The NIST team will present their research at the upcoming American Crystallographic Association Meeting, held July 20-24 in Honolulu.
Choosing the Right Words
Molecules don't maintain their own online profiles, so a key challenge for the NIST research team was to develop a standard language for scientists to describe their research subjects. For example, one research group may describe a material's properties as glassy while another team might use the word vitreous, even though the two words have the same meaning, explained Ursula Kattner, a researcher in the Materials Science and Engineering Division at NIST.
One approach to the problem could be to define a standard set of words, but NIST scientists opted for a more flexible approach that could evolve with time. The search language they developed is similar to Indo-European languages like Sanskrit and Latin, which use short roots to build words based on a set of rules, said Talapady Bhat, a research chemist at NIST who has been leading the effort to develop a shared vocabulary for NIST's scientific databases.
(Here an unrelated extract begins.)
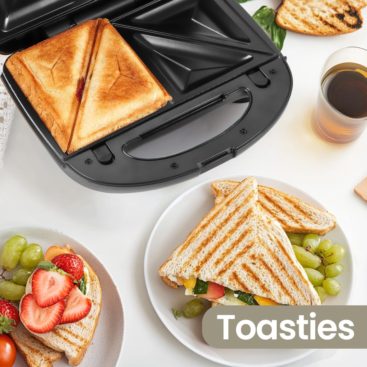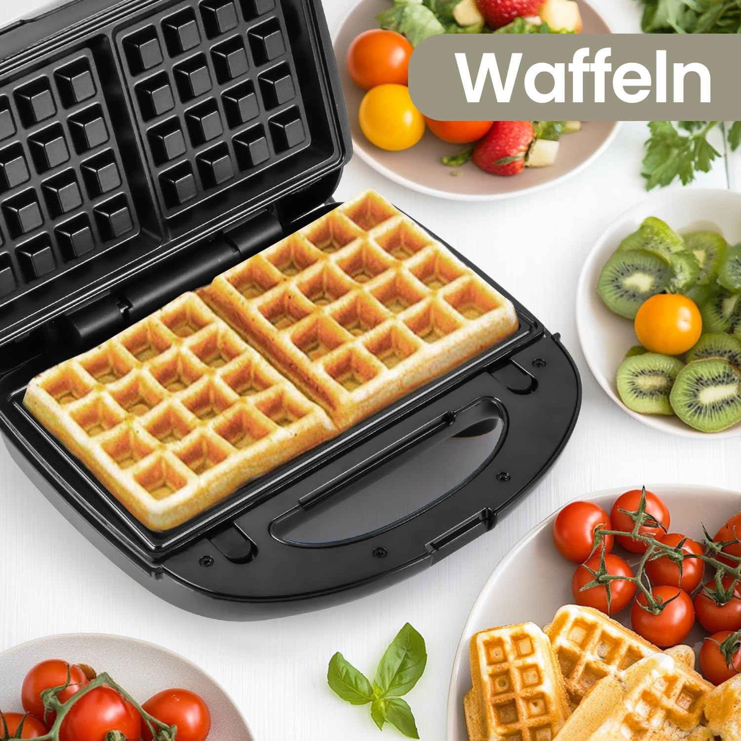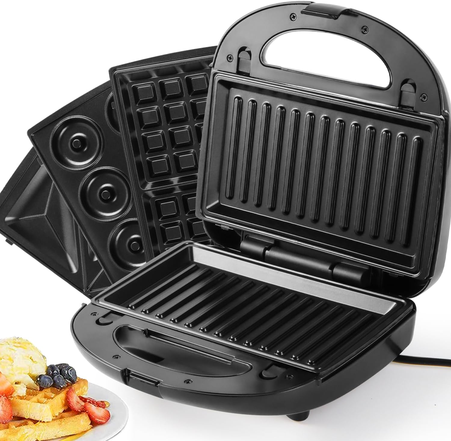 Многофункционален комплект за сандвичи 4 в 1, за тостер за сандвичи, контактен грил, гофретник, кекс, 2 филийки с незалепващо покритие, двустранно печене при постоянна температура, BPA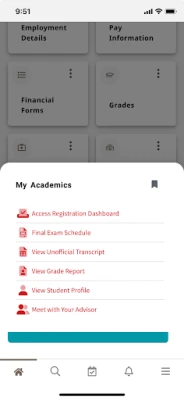 • Courses — Manage your courses on the go by accessing your course schedule and links to helpful resources

He gives the example of the Sanskrit word "yoga," which is based on the roots "Y(uj)", which means to join, "O", which means creator, God, or brain, and "Ga", which means motion or initiation. Similarly, scientists could take the three simple root words "red", "laser," and "light," and combine them into a single compound word "red-laser-light" that conveys a new concept. Using the root and rule-based approach will mean that scientists who know the roots can figure out the meaning of unfamiliar terms, and it also gives scientists flexibility to develop easily understandable new terms in the future.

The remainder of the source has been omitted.